Red Velvet Swiss Roll !

//Red Velvet Swiss Roll !

Red Velvet Swiss Roll !

Tilbake til oppskriften på norsk !

What is a red velvet cake?

I have over the years believed that it had its out come from New York City, but I have recently read a bit about this cake, and found that the original is the pride from the South states back in the old days.

Red velvet is  a cake in 3 – 4 layers of cream cheese frosting between each layer and covered with cream cheese frosting.
It is a chocolate cake with a lower cocoa powder content than any regular chocolate cake.
The recipe should also include butter milk. Red Velvet faithful companion trough out this years , is pecan-nuts.

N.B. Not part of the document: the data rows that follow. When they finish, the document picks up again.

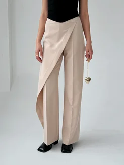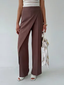 Асимметричные брюки палаццо с запахом и высокой посадкой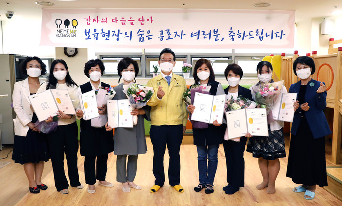 서울 강남구는 최근 스승의 날을 기념해 보육현장 최전선에서 건전한 보육환경 조성을 위해 노력한 지역내 어린이집 모범직원 26명을 선정해 표창장을 전달했다. 사진은 수여식에서 정순균 구청장(가운데)이 보육직원 감사장 수상자들과 기념촬영을 하는 모습. (사진제공=강남구청)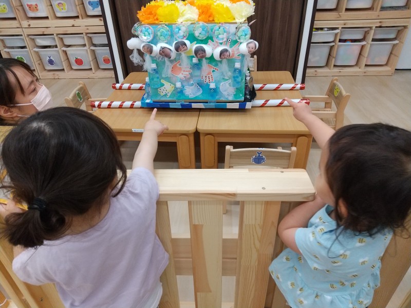 お迎え時に、ママやパパにチョコバナナや水ヨーヨーを喜んで見せている子どもの姿に、夏まつりを十分に楽しめたのかと思います。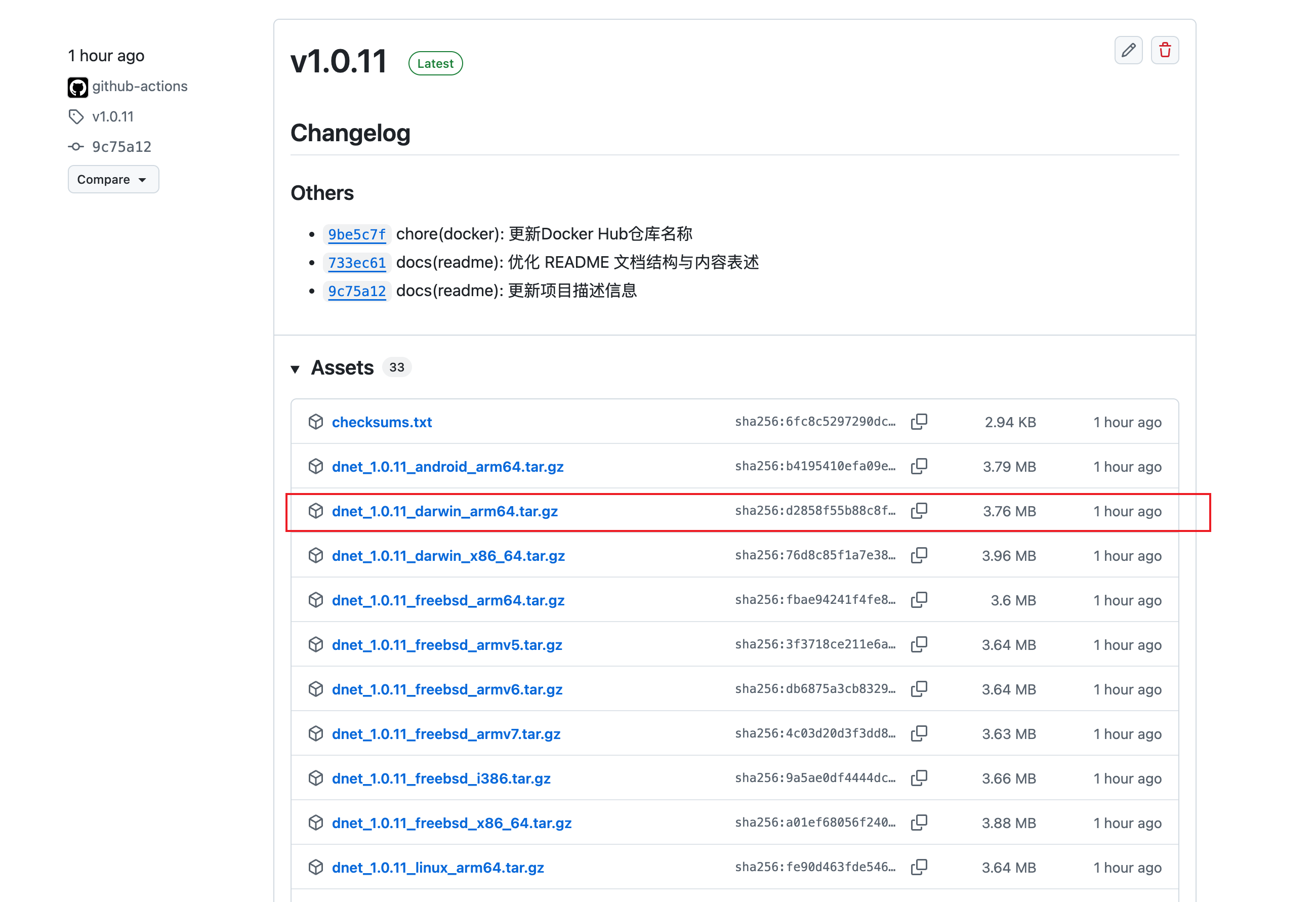 打开 D-NET Releases 页面,选择合适的架构下载安装包并解压,这里以 macOS ARM 版本为例。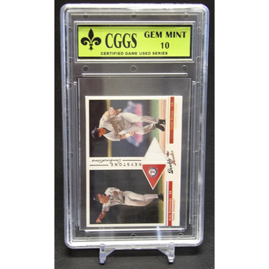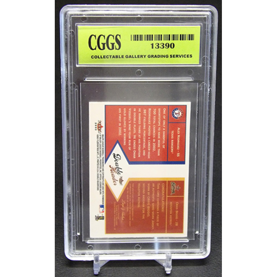 Alex Rodriguez and Craig Biggio 2003 Fleer Double Header Keystone Combinations baseball card. It is graded a CGGS 10 Gem Mint. There is some wearing of the case.

So it can be added if desired.

Today I figured out a  Swiss Roll  that will taste and look a little bit like it`s «big sister» the cake.

  • 4 eggs
  • 5.7 oz (160 gr )
  • 1 tbsp water
  • 1 oz cocoa powder (about 2.5 tablespoons) (25 gr)
  • 1 teaspoon baking powder
  • 4.6 oz flour (130 gr)
  • pinsh salt
  • 1 teaspoon vanilla extract
  • 4 tablespoons butter milk (or mix milk with sour cream or cream fraish)
  • 1 teaspoon vinegar
  • 1 to 2 teaspoons red paste food color.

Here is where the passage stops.